1) Polish with Megs & Microfibre
2) Heavy polish with Mothers Billet and Powerball (on its way)
3) Clean wheel with custom wheel cleaner, rinse and thoroughly dry to remove all remaining traces of polish.
4) Wheel Seal & Shine or C5

Do you see any problems with doing this? When you say apply the polish using a latex glove; do you mean using a latex glove to wipe it off? Does this give a really good finish? I feel sure I am misunderstanding this part and you just mean a final hand polish.


----------



## sprocketser (Aug 4, 2012)

If towels turn black , it s sign it s working , need to polish . Be certain they are alloys , if not you ll screw them big time , as some truck drivers do , if cleared .


----------



## sprocketser (Aug 4, 2012)

waxy said:


> They are polished aluminium alloy,no clear coat.You can easily confirm this by polishing a small area with the NXT,or Autosol,and seeing if the cloth turns black.They require a lot more frequent care to keep them looking good.I would invest in some Mother's Billet polish,and their powerball system,as it works very well with great results.If you have visible marks/stains,i would start polishing with microfibre cloths,then move to foam,or the powerball,and finish the polishing by applying the billet polish using a latex glove,time consuming,but worth it.Finish by sealing the wheel with any wheel sealant,or hi temp wax.You only really need a wheel cleaner for the first initial cleaning,thereafter any good car shampoo and a variety of brushes will keep them clean,and maintain the finish if cleaned regularly.

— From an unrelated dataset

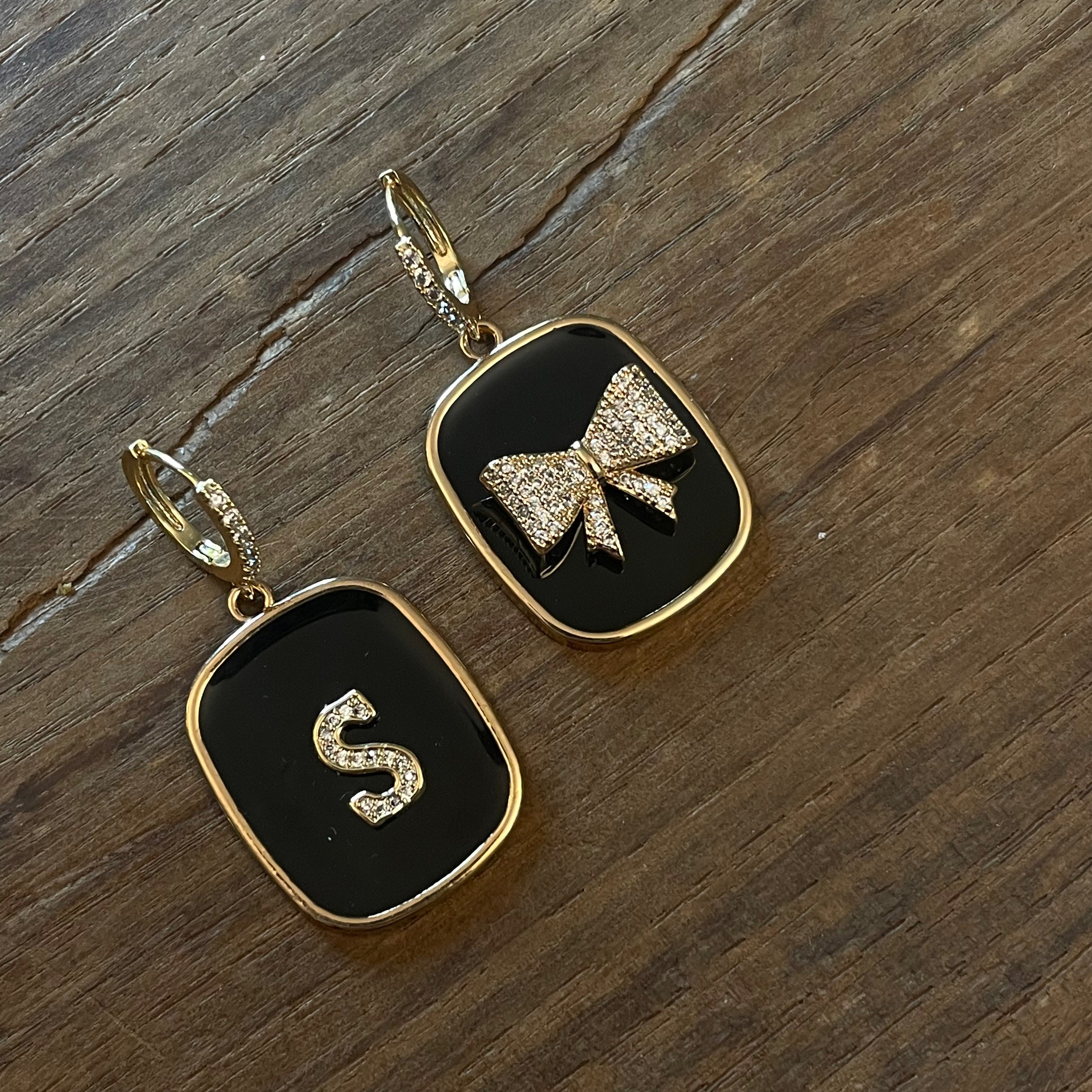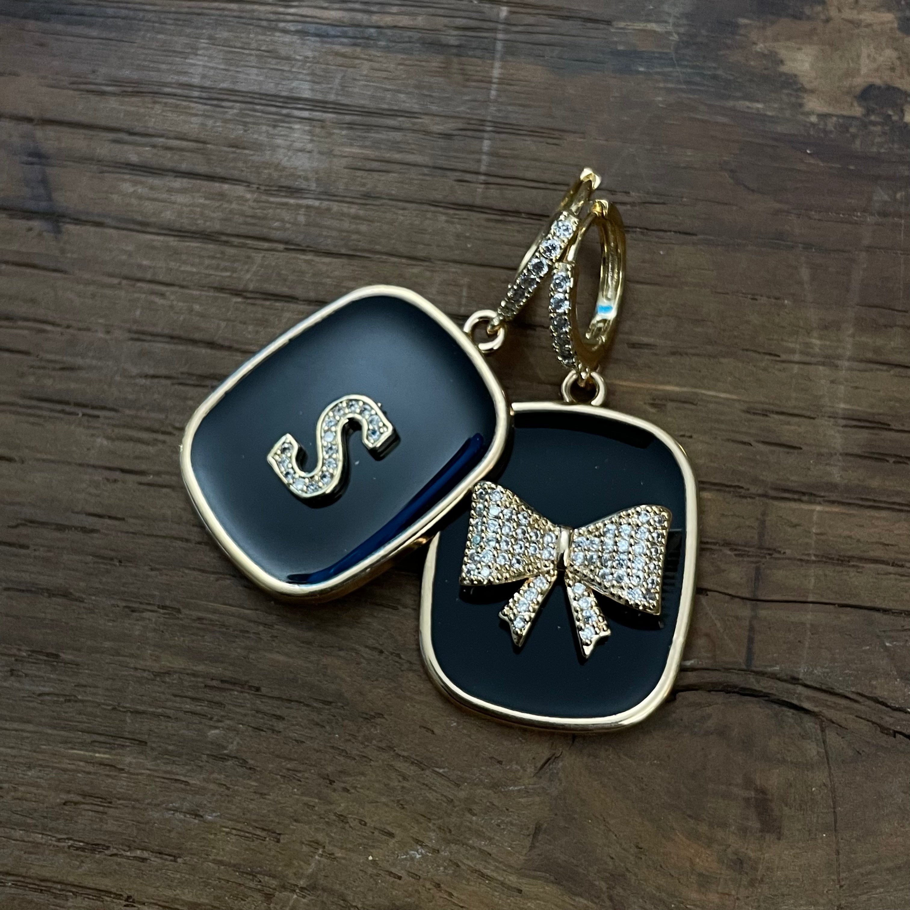 ORECCHINI PIASTRINA NERA con lettere e FIOCCO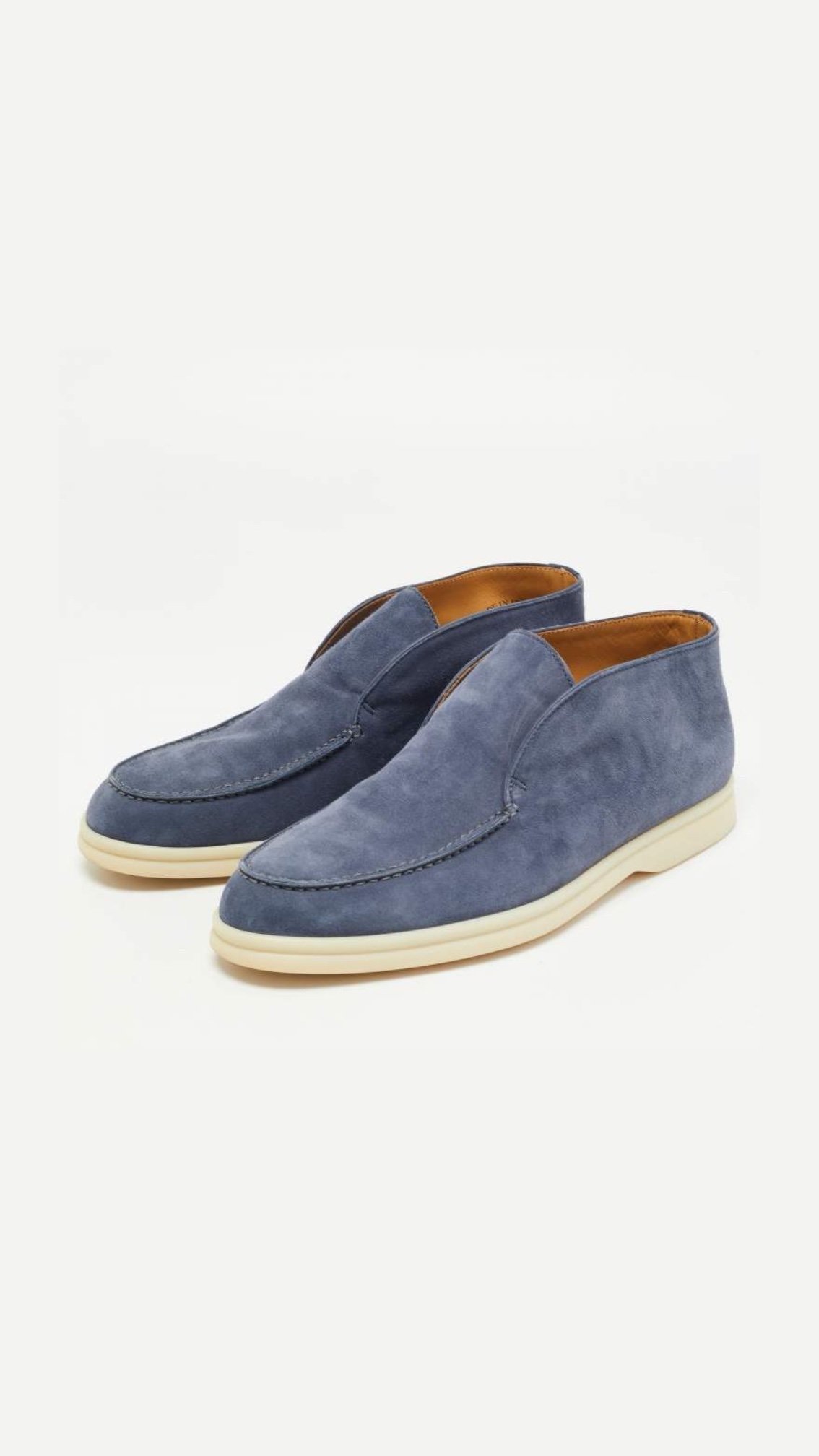 Модель виконана з надзвичайно м’якої натуральної замші у благородному блакитному відтінку. Лаконічний силует, мінімум деталей і фірмова світла підошва забезпечують комфорт протягом усього дня, зберігаючи бездоганний вигляд образу.

+1 on thet buddy , I guess GTechniq T1 would be good , but not sure if it can be applied to uncleared wheels


----------



## Nally (May 30, 2012)

Verry nice never seen them in crome. 
Stick with mild apc and a sold mitt or wheel woolies


----------



## Avanti (Jan 17, 2006)

Jeemy said:


> Whats an APC? Washing up liquid? Thats what my bodyshop guy said.
> 
> *I shall avoid all acid and alkali products.*
> 
> ...


In your original post you also mentioned "Autoglym Alloy Wheel Seal
Meg's Endurance Tyre Gloss & Applicator Pad
Poorboys Wheel Sealant
Meg's Hot Rims All Wheel Cleaner
Autoglym Custom Wheel Cleaner
Wonder Wheels (wouldn't use on these but I have it)
Turtle Wax Nano Tech Wheel Cleaner, and Wheel Wax

That all I can remember. I also have some Simoniz, other Turtle Wax, lying around. "

You tell us which of those are neither acid or alkali?


----------



## waxy (Feb 27, 2006)

Jeemy said:


> Well, Autosol is no better than the Megs. Did a test polish with it today and very little visible difference to a wheel done with Megs 2 days ago.
> 
> I then gave a quick coat of Wheel Seal & Shine, but the applicator was still picking up a lot of black despite having wiped thoroughly with a microfibre cloth before applying.
> 
> ...


I would just polish using the Mother's Billet polish,if there's no heavy staining/marks,use the powerball and spend some time with it.The latex glove technique is for a final polish,you apply the polish using your hand with the latex glove,working the polish in thoroughly,wipe off with microfibre,or soft cotton.You don't need to use any wheel cleaner after polishing,if you feel you need to remove traces of polish residue,a good car shampoo will suffice.Once you are happy with the polished finish,then apply your sealant,just remember that getting a mirror finish using the described process is time consuming,and takes some patience,but the results are worth it.


----------



## Jeemy (Jul 21, 2012)

> You tell us which of those are neither acid or alkali?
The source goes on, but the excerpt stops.